───── Supplied material
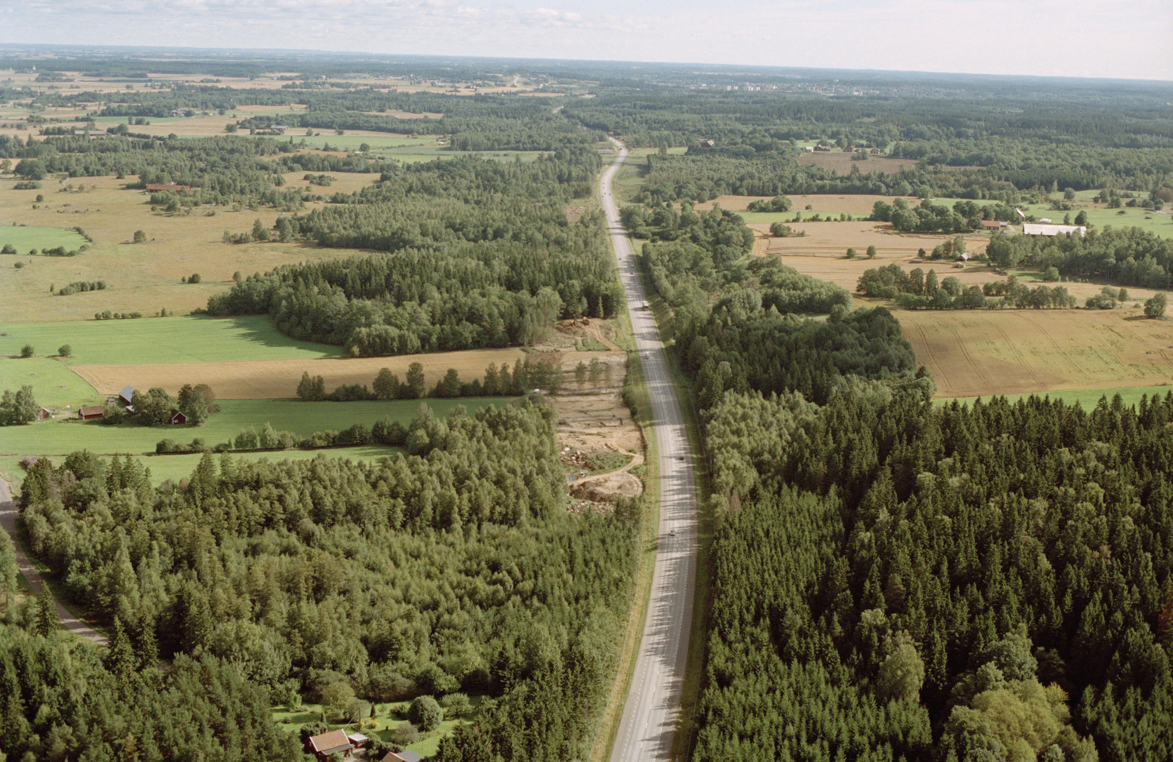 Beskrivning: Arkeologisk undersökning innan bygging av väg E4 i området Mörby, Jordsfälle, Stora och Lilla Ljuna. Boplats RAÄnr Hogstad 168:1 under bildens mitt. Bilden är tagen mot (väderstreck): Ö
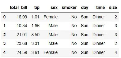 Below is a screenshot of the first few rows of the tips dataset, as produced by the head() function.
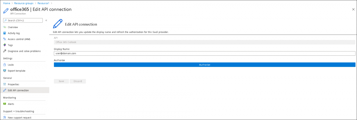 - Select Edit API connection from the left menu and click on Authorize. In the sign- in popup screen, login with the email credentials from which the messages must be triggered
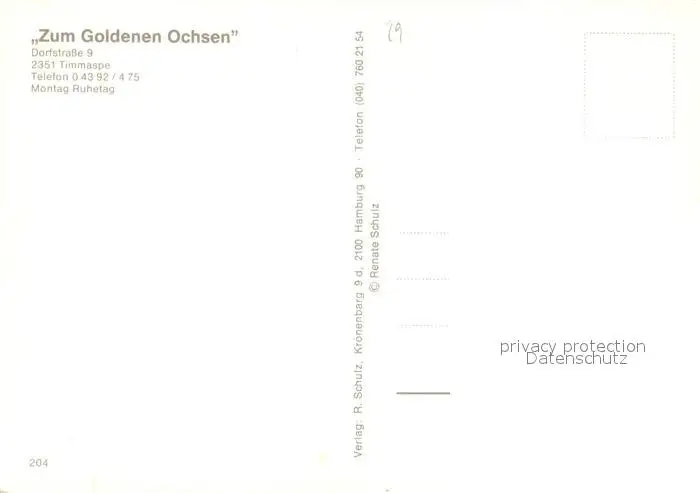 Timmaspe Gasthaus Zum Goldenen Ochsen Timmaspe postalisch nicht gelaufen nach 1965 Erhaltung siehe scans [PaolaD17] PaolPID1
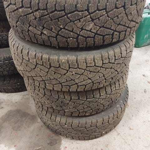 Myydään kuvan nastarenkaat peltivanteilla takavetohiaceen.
──────────
Exercise objective: For this exercise, set down the lines in the entries above from the one with "Below is a screenshot" through the one with "Timmaspe Gasthaus Zum" exactly as written, without any pictures.

Solution to the exercise:
 Below is a screenshot of the first few rows of the tips dataset, as produced by the head() function.
 - Select Edit API connection from the left menu and click on Authorize. In the sign- in popup screen, login with the email credentials from which the messages must be triggered
 Timmaspe Gasthaus Zum Goldenen Ochsen Timmaspe postalisch nicht gelaufen nach 1965 Erhaltung siehe scans [PaolaD17] PaolPID1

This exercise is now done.